Martedì sera il premier britannico Boris Johnson e il leader dell'opposizione laburista Jeremy Corbyn si affronteranno per la prima volta in un dibattito televisivo in diretta. Anche se Johnson è costantemente sotto attacco, il suo acerrimo rivale Corbyn gode di un consenso molto inferiore presso la maggior parte dei britannici.
Anche i sondaggi d'opinione sono per ora dalla parte di Johnson. Il divario con il Labour si è solamente ampliato nelle ultime settimane. Dove i Conservatori due settimane fa avevano iniziato la campagna con un vantaggio di 10 punti percentuali, ora questo è salito a 14 punti.
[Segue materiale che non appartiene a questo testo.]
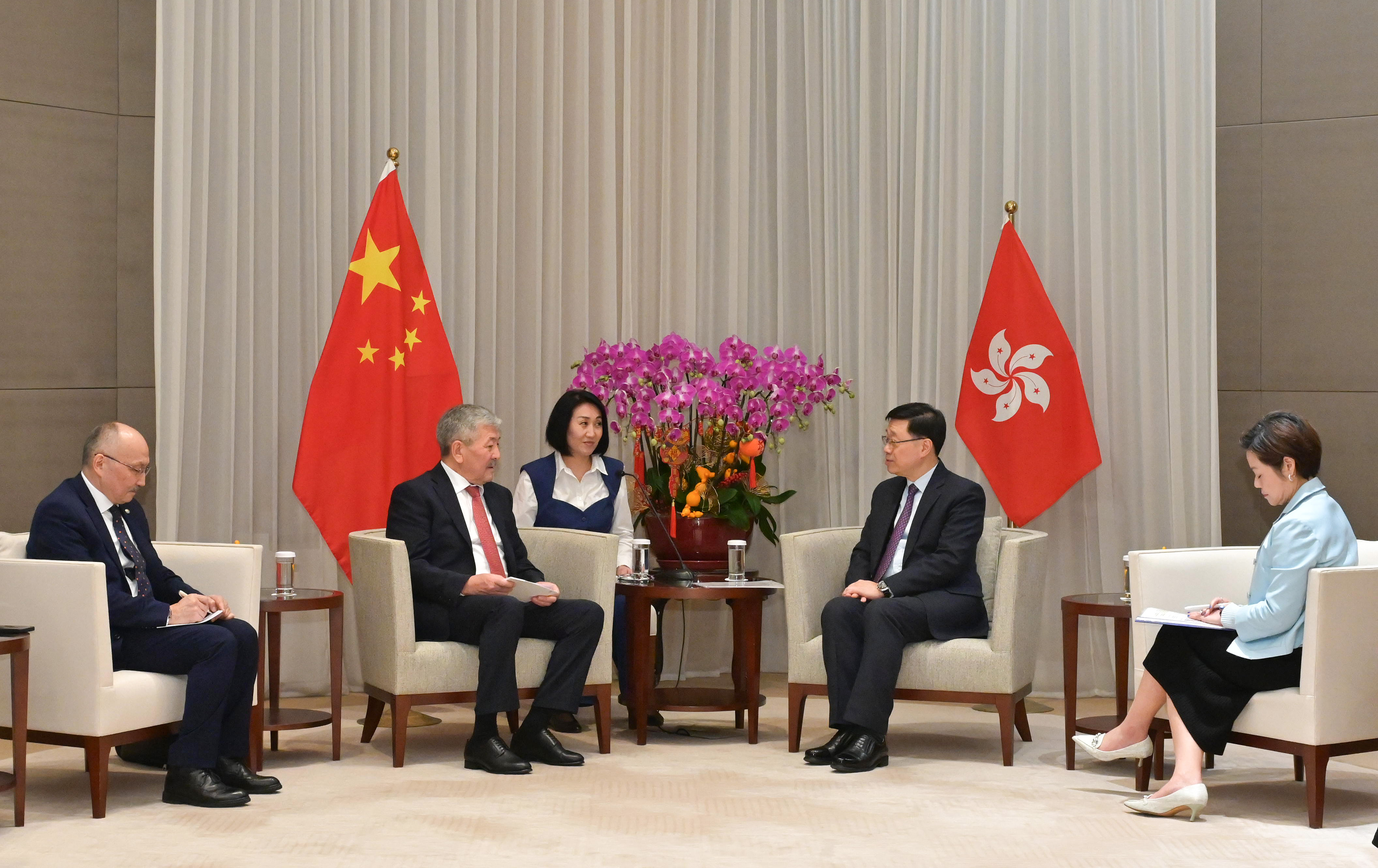 李家超今日下午與吉爾吉斯共和國內閣主席兼總統辦公廳主任Adylbek Kasymaliev會面。李家超指出,香港在「一國兩制」下擁有背靠祖國、聯通世界的獨特優勢,是國際金融、航運、貿易中心,一直匯聚多元化的資金來源、國際企業和專業人才;吉爾吉斯共和國增長強勁,發展潛力龐大。他歡迎吉爾吉斯共和國善用香港作為主要融資中心、可持續金融樞紐和全球離岸人民幣業務樞紐的優勢,通過來港籌集可持續發展資金和發行人民幣債券,開拓海外和內地市場,推動金融創新。香港全力與吉爾吉斯共和國等共建「一帶一路」國家加強合作,互惠共贏,支持區域可持續發展。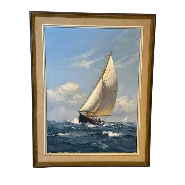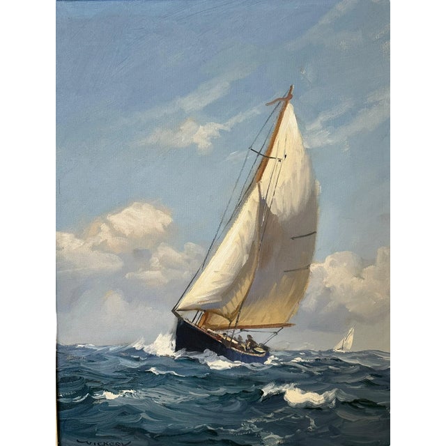 Late 20th Century Seascape Oil Painting "Sailboat on the Sea" by Charles Vickery, Framed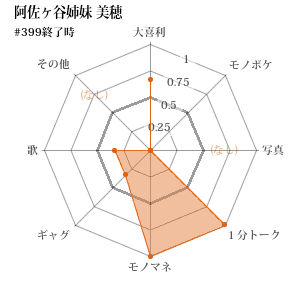 | 119 | A1 | 後 | 阿佐ヶ谷姉妹 江里子 | 歌 | 負 | 3-1 (0.750) | 1543.2 |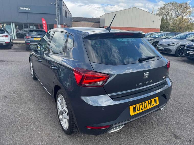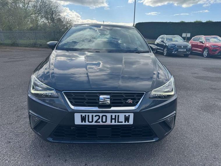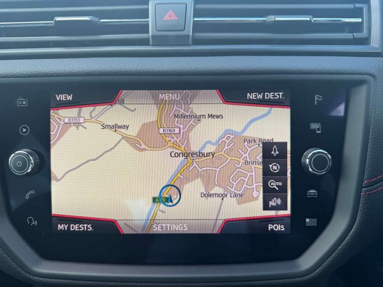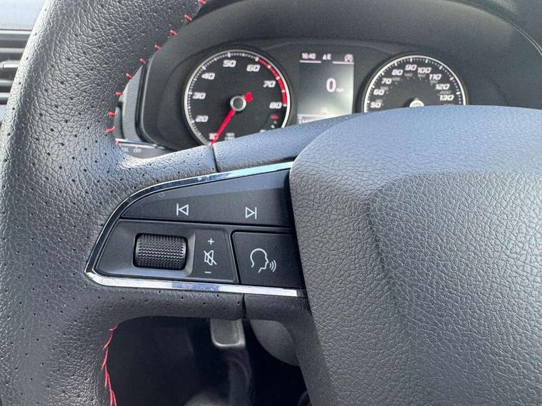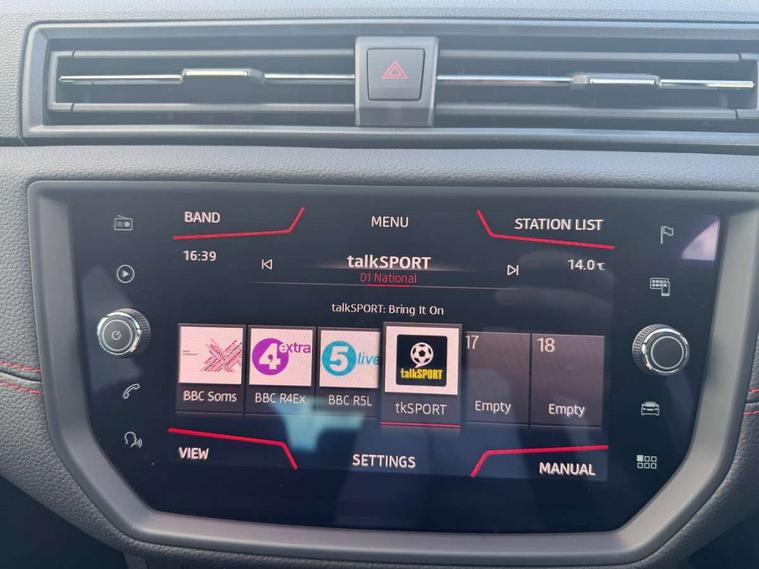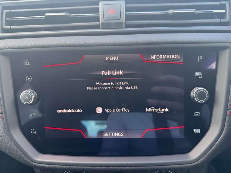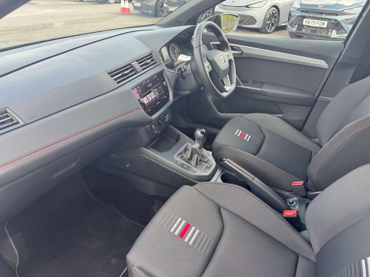 'Lights On' Reminder warning buzzer, Bluetooth Handsfree Phone Connection, Cruise control, Digital clock, Full Link Smartphone Integration with Mirror Link, Apple Car Play, Google Android Auto, Low fuel warning light, Outside temperature gauge, Power Steering, Satellite navigation system with 3D mapping, 8" touch screen, voice control and additional USB port, SEAT Drive profile, SEAT logo boot release, Trip computer, Sports suspension, 6 speakers, Auxiliary input socket, CD player, Digital Audio Broadcast (DAB) Tuner, Radio/MP3 player, SD card slot, SEAT USB media cable, Steering wheel mounted controls, USB port, Anti theft roof antenna, Auto dimming rear view mirror, Automatic headlights, Automatic rain sensing wipers, Body colour bumpers, Body colour door handles, Brilliant black door mirrors, Chrome front grille frame, Chrome grille, Coming/leaving home lighting function, Cornering front fog lights, Dark tinted rear windows, Electric folding door mirrors, Electric front windows, Electric headlight adjustment, Electrically adjustable and heated door mirrors, Exclusive FR rear bumper, Full LED headlights, LED daytime running lights, LED tail lights, Rear fog lights, Twin exhaust pipes, 3 rear headrests, 60/40 split folding rear seat, Air conditioning, Door and steering wheel ice metal decorative inserts, Driver's sunvisor with ticket holder/vanity mirror, Dust/pollen filter, Flat bottomed perforated leather steering wheel with red stitching and FR logo, Front courtesy lights, Front cupholders x 2, Front reading lights, Gear shift indicator, Glovebox, Height adjustable driver's seat, Height adjustable front/rear head restraints, Height adjustable passenger seat, Height/reach adjust steering wheel, Illuminated boot, Instrument lighting with brightness control, Leather handbrake, Multi-colour ambient interior lighting, Nora cloth upholstery, Passenger sunvisor, Rear top tether child seat ISOFIX attachment, Sports seats, Full LED headlight pack - Ibiza, 3 point seatbelts on all 3 rear seats, ABS, Active front headrests, Child locks on rear doors, Curtain airbags, Driver/Front Passenger airbags, ESP+EBA, Front assist (AEB), Front passenger airbag deactivation, Front side airbags, Hill hold control, Multi-Collision braking, Seatbelt warning, Tiredness recognition system, Tyre pressure monitoring system, Electronic engine immobiliser, Locking wheel bolts, Remote central locking + deadlocks, Volumetric alarm with back up horn, Leather dashboard, 17" Dynamic alloy wheels,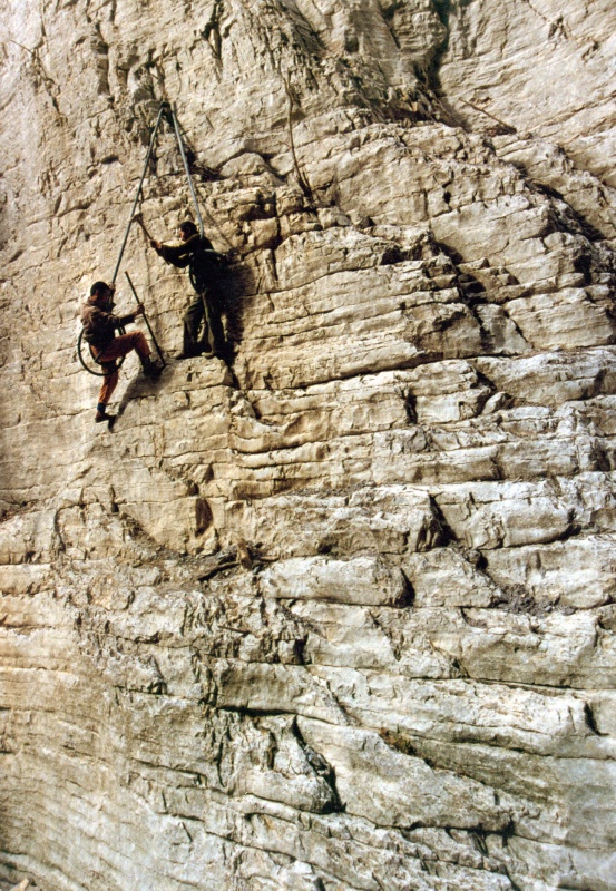 修路远比想象的难。四周陡峭岩壁,很难找到落脚之地,胆子大的腰系长绳站在箩筐里,吊在几百米高的悬崖边钻炮眼,先炸出一小块立足之地,再用锄头、钢钎和大锤,一块一块把石头凿下来。

Questa crescita non è dovuta all'abilità personale di Johnson, ma soprattutto alle altre forze politiche. In particolare, la decisione dell'euroscettico Nigel Farage di presentare il suo Brexit Party in meno della metà dei collegi elettorali fa sì che il Partito Conservatore sia l'unica formazione a favore di una uscita dall'UE in metà del paese.
Nella loro campagna, i Conservatori promettono di imporre condizioni più rigorose agli europei che vogliono emigrare nel Regno Unito con i loro piani per la Brexit. Johnson intende abolire il libero accesso senza visto entro la fine del prossimo anno. Per il 2021 dovranno essere varate nuove normative britanniche.
Johnson vuole che gli immigrati vengano ammessi solo se dispongono di un lavoro e di un reddito propri. Attualmente un cittadino UE può soggiornare per un certo periodo in un altro paese UE per cercare lavoro e dopo tre mesi ha diritto a prestazioni sociali. I Conservatori vogliono estendere questo periodo a cinque anni. Una eccezione sarà fatta per scienziati altamente qualificati e per chi vuole avviare un’attività in proprio.
Considerando i sondaggi, esiste la possibilità che nessuno dei partiti riesca il 12 dicembre a ottenere da solo la maggioranza alla Camera dei Comuni. In tal caso, l’opposizione Labour non ha intenzione di formare una coalizione con altri partiti. Il leader Jeremy Corbyn lo ha chiarito in un’intervista alla BBC. Alla domanda se prenderebbe in considerazione un accordo con il Partito Nazionale Scozzese (SNP), Corbyn ha risposto: "Noi non facciamo accordi con nessuno."
Attualmente il Labour è in svantaggio nei sondaggi rispetto ai Conservatori, ma Corbyn non sembra disposto a formare una coalizione con i nazionalisti scozzesi SNP. Quel partito potrebbe sostenere il Labour in Parlamento in cambio di un secondo referendum sull'indipendenza scozzese. Corbyn afferma che l’SNP avrà in Parlamento una scelta: vogliono aiutare di nuovo Boris Johnson a governare o sostenere il Labour?
Se il Labour vincerà le elezioni, intende rinegoziare con l’UE l’uscita britannica e indire un secondo referendum. Corbyn però non vuole ancora dire se farà campagna a favore o contro la permanenza nell’UE.
I partiti pro-UE come i LibDem, SNP e i Verdi sono arrabbiati con l’emittente commerciale ITV perché ai loro leader non è stato permesso di partecipare al dibattito. Essi sottolineano che sia i Tory che il Labour sostengono la Brexit, mentre gli altri non hanno modo di esprimersi.